Are we just talking about the starter? If so, it's doing it's thing as shown by the drop in gravity. I rarely see krausen on starters.
 
If your OG was 1.048 and now it's 1.024, then either the yeasts are eating the sugars or the beer gnomes are up to something insidious. Maybe they're stealing some wort and are replacing the lost volumes with water. I hate those guys.
 
Are we just talking about the starter? If so, it's doing it's thing as shown by the drop in gravity. I rarely see krausen on starters.

No, talking fermentation bucket. No krausen on the brew at the moment despite the drop in gravity. Cause for concern?
 
I accidentally left a packet of liquid yeast at room temperature for about 5 hrs before activating it.

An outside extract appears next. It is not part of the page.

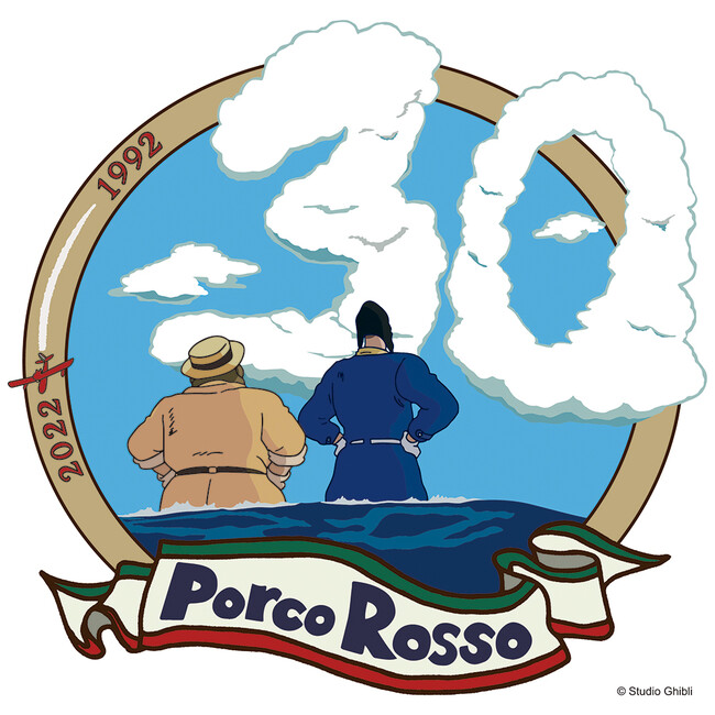 アドリア海の空に浮かぶ“30“の雲を眺め背中で語るポルコとカーチス。二人の飛行艇乗りの決闘を締めくくるシーンをモチーフに、イタリア国旗色のリボンに作品タイトルをあしらい、ポルコの愛機である”サボイアS-21“が1992から2022の数字を駆け抜けていきます。「カッコイイとは、こういうことさ。」という作品のキャッチコピーと情景を思い起こさせる、公開30周年限定のデザインです。

I then activated it, made a starter, and pitched the following morning. The starter definitely was active as noted by the 'beery' smell and sediment at the bottom of the container. It's been three days now and still no krausen. OG was 1.048 and currently 1.024. Gravity would suggest fermentation, but I don't have tell-tale signs of it otherwise. Pitch some more yeast to be safe or let it ride?

How many hours was your starter working? Did you use a stir plate? It seems like you are talking about a very short timeline for the starter. You may not have propagated as many new cells as you calculated.

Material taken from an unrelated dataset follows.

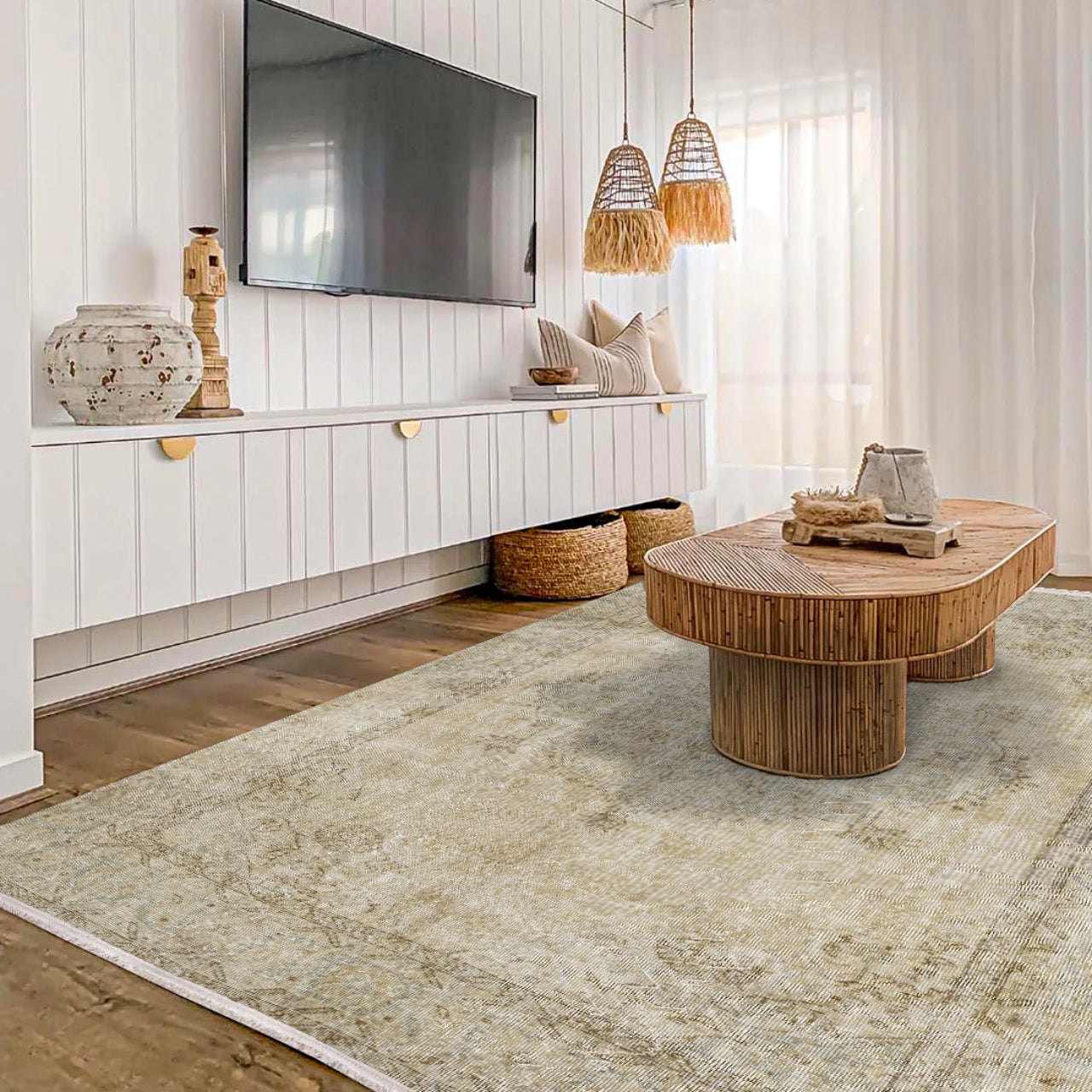 Vintage Kahverengi Göbekli Yün ve Pamuk El Dokuma Halı 203x310

Your brew may turn out okay, just take a little more time.
 
No, talking fermentation bucket. No krausen on the brew at the moment despite the drop in gravity. Cause for concern?

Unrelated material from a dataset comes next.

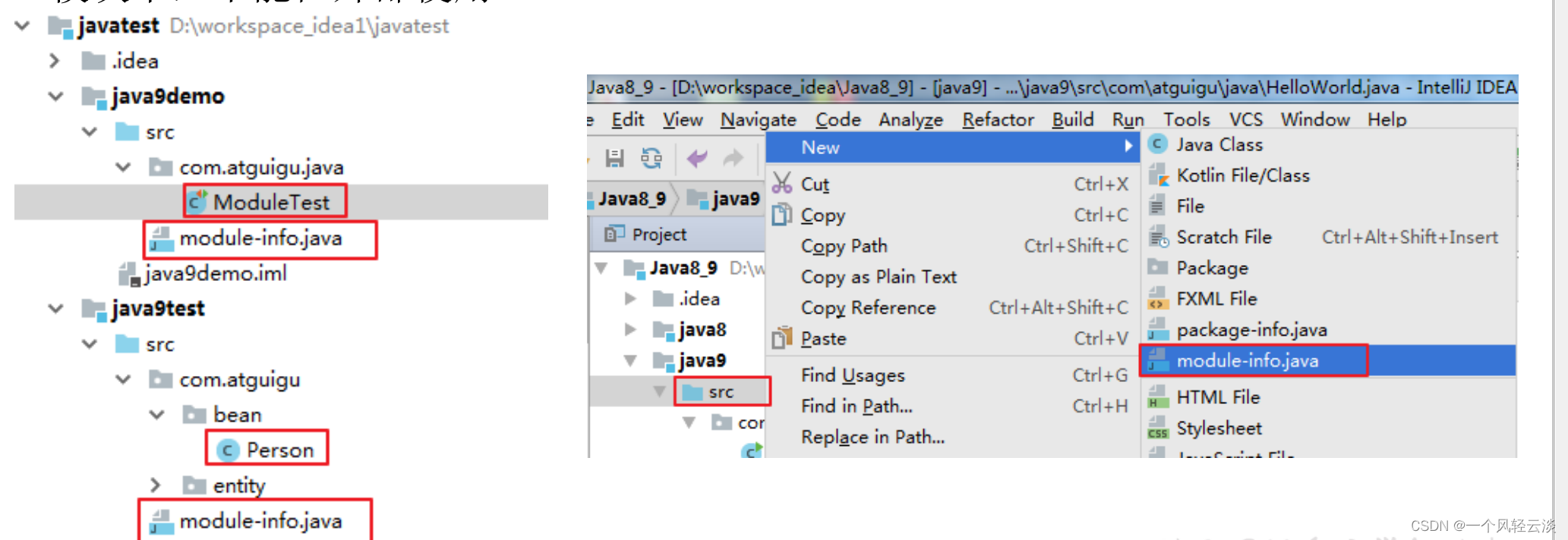 对应在java 9demo 模块的src 下创建module-info.java文件:

I rarely, if ever, see krausen in my brews because I tend not to check them until the most active stage of fermentation is over. As someone already said, if the gravity has dropped from 1.048 to 1.024, then it is fermenting. If anything bad was going to happen (e.g., wild yeast taking over, unhealthy yeast throwing off off-flavors), it has already happened. But 99% chance that everything is going along just fine.

EDIT: Well one thing is not going along fine. You are fermenting this very warm. English/Irish ale yeasts are very estery if fermentation temp is above mid-60s, so you are going to end up with some wicked esters in this beer. But maybe that is what you are after.
 
How many hours was your starter working? Did you use a stir plate? It seems like you are talking about a very short timeline for the starter. You may not have propagated as many new cells as you calculated.

Your brew may turn out okay, just take a little more time.

Starter was going about 16 hrs before pitch. No stir plate, just manual swirling as often as possible.
 
If the gravity is dropping, it is fermenting. That is the metric; the rest is just for your viewing pleasure. Let it ride.
 
It sounds like you have fermentation aplenty going on there.

The best thing you can do now is leave it completely alone for another two weeks.